41. Psychological Tests on the Sense Faculties
This factor of experience enters even into what appear to be the simplest mental operations, the sensory ones. The scant data available from experimental tests indicate that a variety of dark skinned or uncivilized peoples, including Oceanic and African Negroids, Negritos, Ainus, and American Indians, on the whole slightly surpass civilized whites in keenness of vision and fineness of touch discrimination, whereas the whites are somewhat superior in acuity of hearing and sensitiveness to pain. Yet what do these results of measurements mean?
Vision is tested for its distance ability. The farther off one can distinguish objects or marks, the higher one’s rating. Civilized man reads—normally—at 14 inches. He works with sharp knives, with machines that are exact; he is surrounded by things made with such exact machines; he handles thin paper and filmy fabrics. His women sew and embroider with the sharpest of needles, the finest of thread. Everything about us tends toward close accuracy and away from the haziness of distant observation. The savage, on the other hand, the half-civilized person even, inspects the horizon, watches for game or its dim tracks, tries to peer to the bottom of streams for fish. He does not read, his needles are blunt, his thread is cord, his carving without precision even though decorative, the lines he makes are free-hand and far-apart. He is trained, as it were, for the usual vision tests. If the psychologist reversed his experiment and sought the degree of power to see fine differences at close range, it is possible that the savage might prove inferior because untrained by his experience.

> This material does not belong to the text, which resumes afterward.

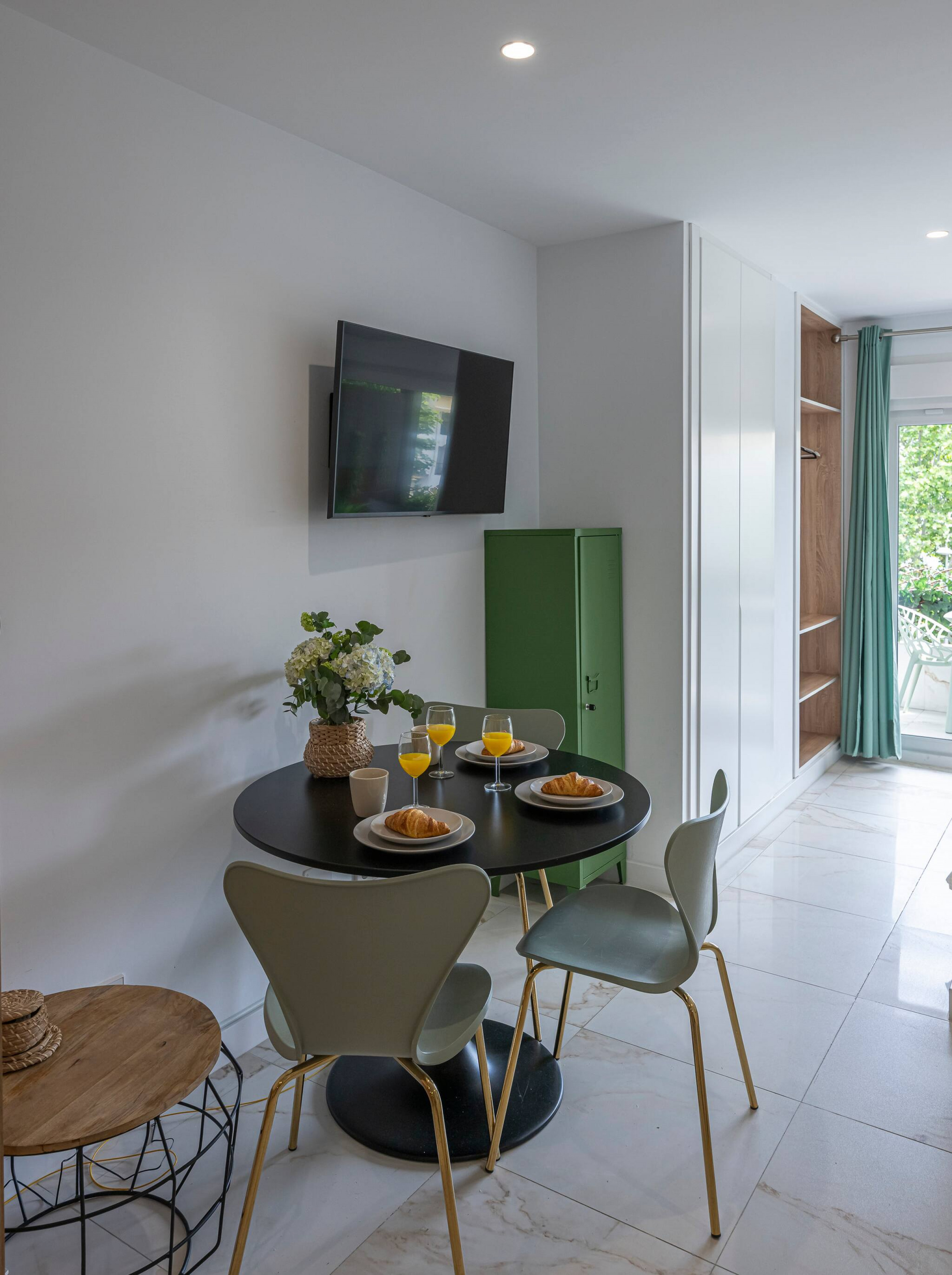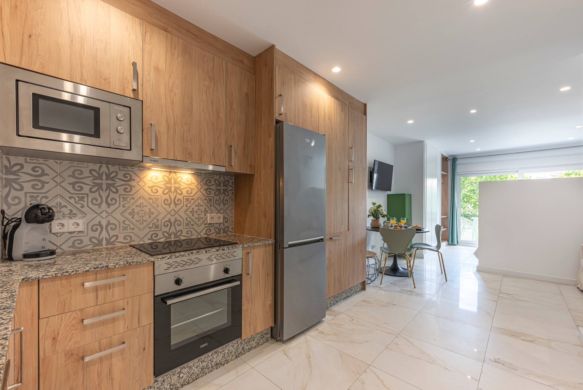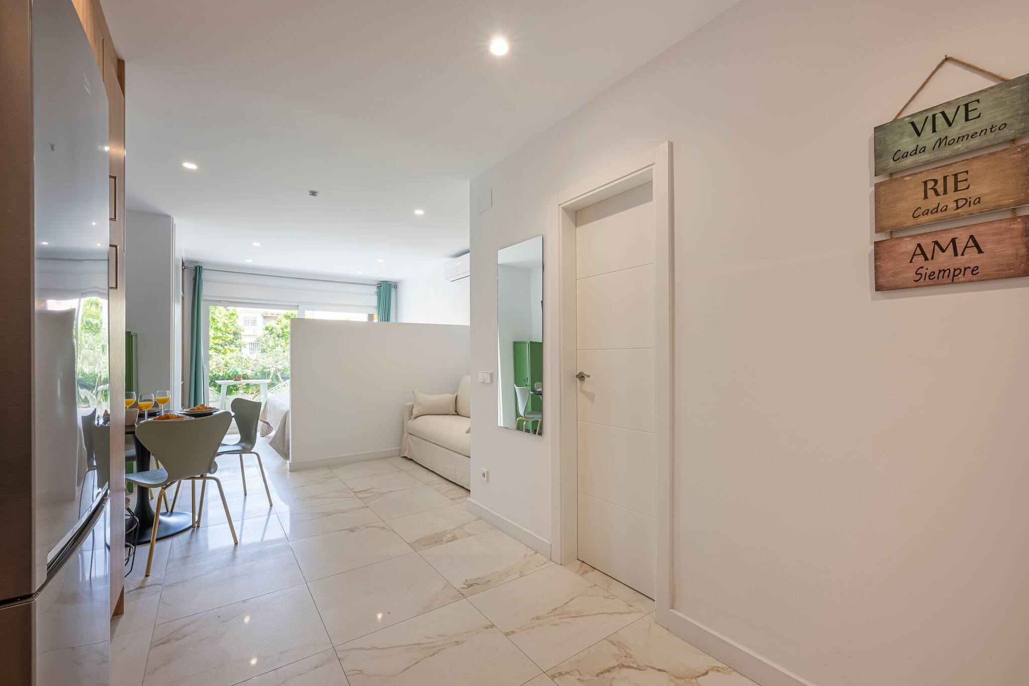 A flirtatious studio in Nueva Andalucía (Aries Street) is the perfect refuge for families, combining a modern open-concept design with exceptional warmth. With capacity for 4 people, the space stands out for its luminosity and Nordic and Mediterranean aesthetic, with finishes in cream tones and wood that invite relaxation.

Such tests seem not to have been made. Until they are, and again show uncivilized man superior, there is no real proof that innate racial differences of serious moment exist.
The whole act of vision in fact involves more than we ordinarily think. After all, seeing is done with the mind as well as with the eye. There is the retinal image, but there is also the interpretation of this image. A sailor descries the distant shore, whereas the landsman sees only a haze on the horizon. To the city dweller a horse and a cow a mile off are indistinguishable. Not so to the rancher. There is something almost imperceptible about the profile of the feeding end of the animal, about its movement, that promptly and surely classes it. At still longer ranges, where the individual animals have wholly faded from sight, a herd of cattle may perhaps be told from one of horses, by the plainsman, through the different clouds of dust which they kick up, or the rate of motion of the cloud. An hour later when the herd is reached and proves to be as said, the astonished traveler from the metropolis is likely to credit his guide’s eyes with an intrinsic power greater than his field glasses—forgetting the influence of experience and training.
In keenness of hearing, on the contrary, one should expect the civilized white to come out ahead, as in fact he does; not because he is Caucasian but because he is civilized and because the instruments of experimentation, be they tuning forks or ticking watches or balls dropped on metal plates, are implements of civilization. Make the test the howl of a distant wolf, or the snapping of a twig as the boughs bend in the wind, and the college student’s hearing might prove duller than that of the Indian or Ainu. There is a story of a woodsman on a busy thoroughfare, amid the roar of traffic and multifarious noise of a great city, hearing a cricket chirp, which was actually discovered in a near-by open cellar. Extolled for his miraculous keenness of audition, the man in the fur cap dropped a small coin on the pavement: at the clink, passers-by across the street stopped and looked around.
As to the pain sense, an introspective, interpretative element necessarily enters into experiments. What constitutes pain? When the trial becomes disagreeable? When it hurts? When it is excruciating? The savage may physiologically feel with his nerve ends precisely as we do. But being reared to a life of chronic slight discomforts, he is likely to think nothing of the sensation until it hurts sharply; whereas we signal as soon as we are sure that the experience is becoming perceptibly unpleasant.
In short, until there shall have been more numerous, balanced, and searching tests made, it must be considered that nothing positive has been established as to the respective sensory faculties of the several human races. The experiments performed are tests not so much of race as of the average experience and habits of groups of different culture.